» **Source records**:
□ □ □ □ □ □ □

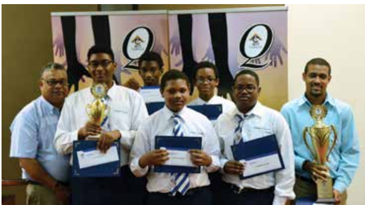
1st Place winner of the ACTT's 5th National Quiz on Quality Assurance in Higher Education and Training – St Mary's College.
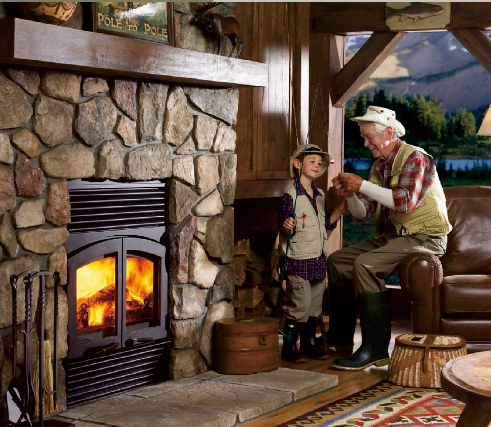
R90 featuring black louvers.

Regency's high efficiency fireplaces put a designer face on a hard working heater. Just load up your Regency and tuck in for a cozy night's sleep. Delivering up to 70,000 BTU of high efficiency heat, your Regency will burn for up to 8 hours while your rest. Choose a traditional design (R90) or an arched Excalibur front (EX90) with tasteful accessory options to create the perfect furnace with a view!
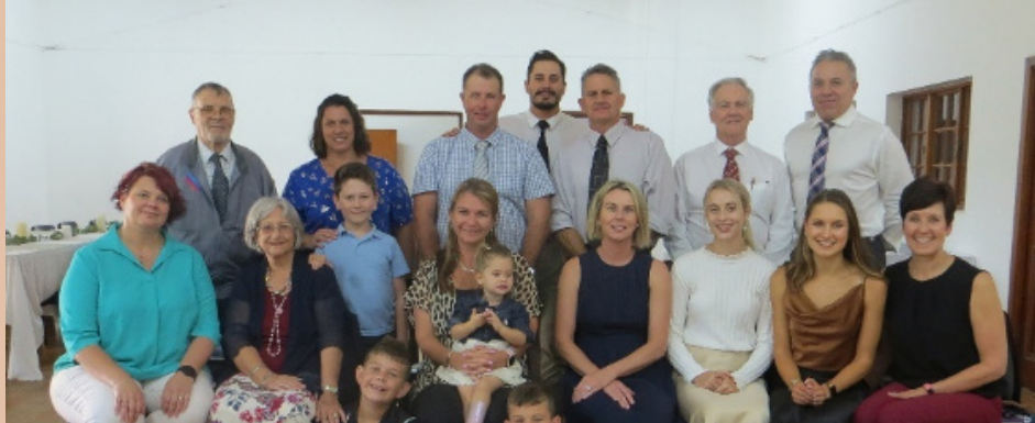
Eastern Cape Congregation South Africa
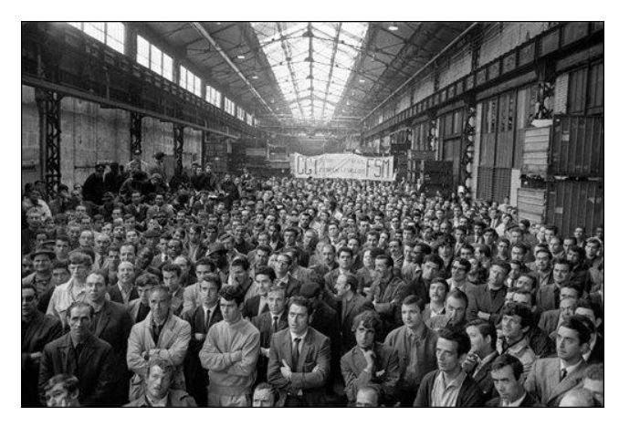
7 Factory meeting 1968

At this crucial point, the Communist party leadership agreed that legislative elections were the best way forward, and from then on, they would pull out all the stops to close down the strike movement. As June went on, the majority of public and private-sector workers returned to work, though there was much resistance. On the 6<sup>th</sup> June there were still two million men and women on strike. In clashes with the police at occupied factories, two people were killed.

□ □ □ □ □ □ □

» **What is being asked**: Every entry above should be returned exactly, with no images included.

» **Exercise answer**:
1st Place winner of the ACTT's 5th National Quiz on Quality Assurance in Higher Education and Training – St Mary's College.
R90 featuring black louvers.

Regency's high efficiency fireplaces put a designer face on a hard working heater. Just load up your Regency and tuck in for a cozy night's sleep. Delivering up to 70,000 BTU of high efficiency heat, your Regency will burn for up to 8 hours while your rest. Choose a traditional design (R90) or an arched Excalibur front (EX90) with tasteful accessory options to create the perfect furnace with a view!
Eastern Cape Congregation South Africa
7 Factory meeting 1968

At this crucial point, the Communist party leadership agreed that legislative elections were the best way forward, and from then on, they would pull out all the stops to close down the strike movement. As June went on, the majority of public and private-sector workers returned to work, though there was much resistance. On the 6<sup>th</sup> June there were still two million men and women on strike. In clashes with the police at occupied factories, two people were killed.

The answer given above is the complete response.